About the Project
Global environmental change is predicted to alter the structure and stability of marine ecosystems with major implications for the sustainability of commercial fisheries. By quantifying changes in food web structure and energy flux to fish predators along large-scale environmental gradients, this PhD will aim to determine the major drivers of trophic complexity and biomass distributions in marine ecosystems. The proposed network-based analyses and modelling approaches are at the cutting edge of current research and will offer exciting new insights into the fate of marine ecosystems in the face of global change. The study will also provide multiple measures of ecological stability to help highlight vulnerable species, which will ultimately enable more effective ecosystem-based advice.

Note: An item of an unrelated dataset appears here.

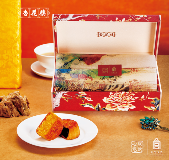 そんな「朕的心意·故宮食品」は今月13日、上海の老舗「杏花樓」と共同で、今年のギフト用月餅セット「錦盒?玉堂富貴」と「圓盒?富貴長(zhǎng)春」を発表した?!稿\盒?玉堂富貴」のケースはジュエリーボックスの形で、「圓盒?富貴長(zhǎng)春」のケースはまるいお菓子ケースのような形になっており、どちらも高級(jí)感ある仕上がりとなった。そのデザインは、清の第6代皇帝?乾隆帝の時(shí)代の「繡富貴長(zhǎng)春図軸」にインスピレーションを得たといい、非常に華やかでエレガントな雰囲気を漂わせている。
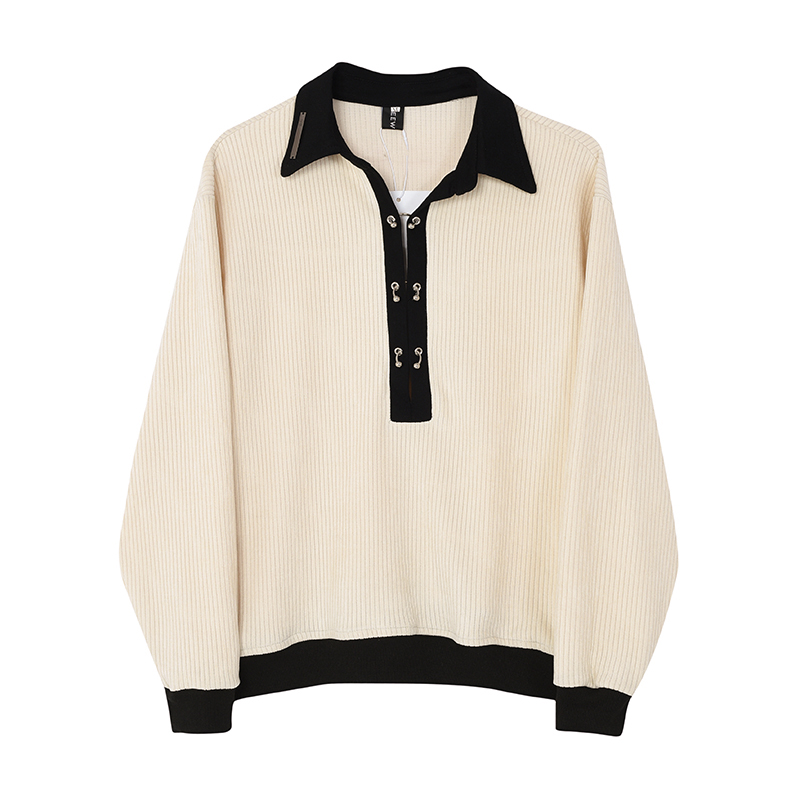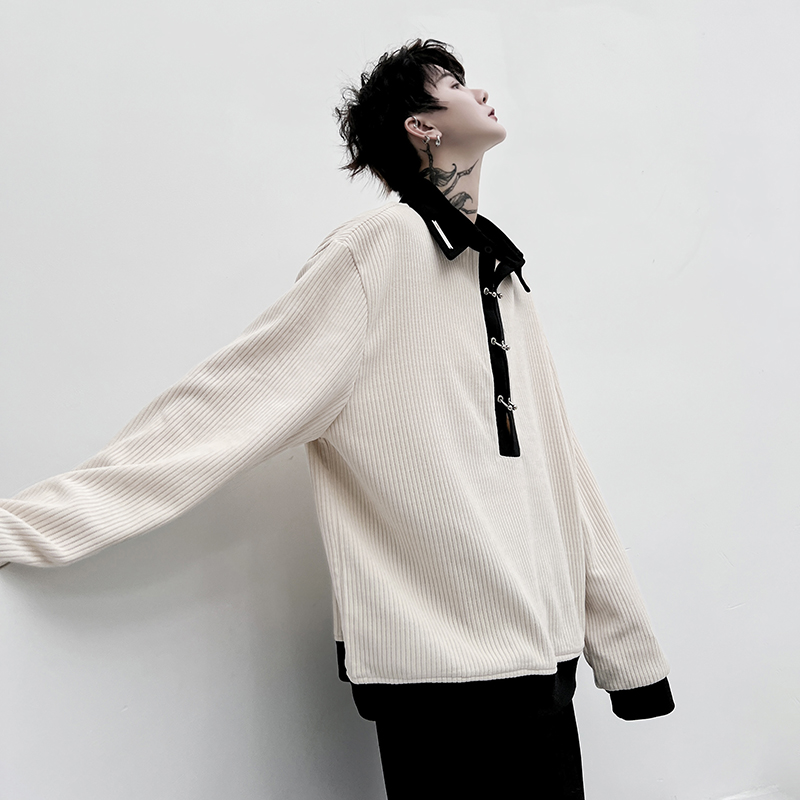 Niche high-end lapel long-sleeved T-shirt men's loose ins net red ruffian handsome top spring and autumn tide brand hit color polo shirt

Body mass data from planktonic, benthic, and fisheries surveys will be used to parameterise an Allometric Diet Breadth Model, which has been used to predict structural properties of food webs to a high degree of accuracy (Petchey et al. 2008). Interaction strengths will be assigned to the resulting interaction matrices using fluxweb, a recently developed R package for estimating energy fluxes in food webs based on body mass data (Gauzens et al. 2018). Model predictions of food web structure and energy flux will be validated using an extensive database of >500,000 fish stomachs covering the NE Atlantic. Environmental data, including temperature, salinity, and primary productivity, will be utilised to explain systematic changes in food web structure and energy flux in space and time.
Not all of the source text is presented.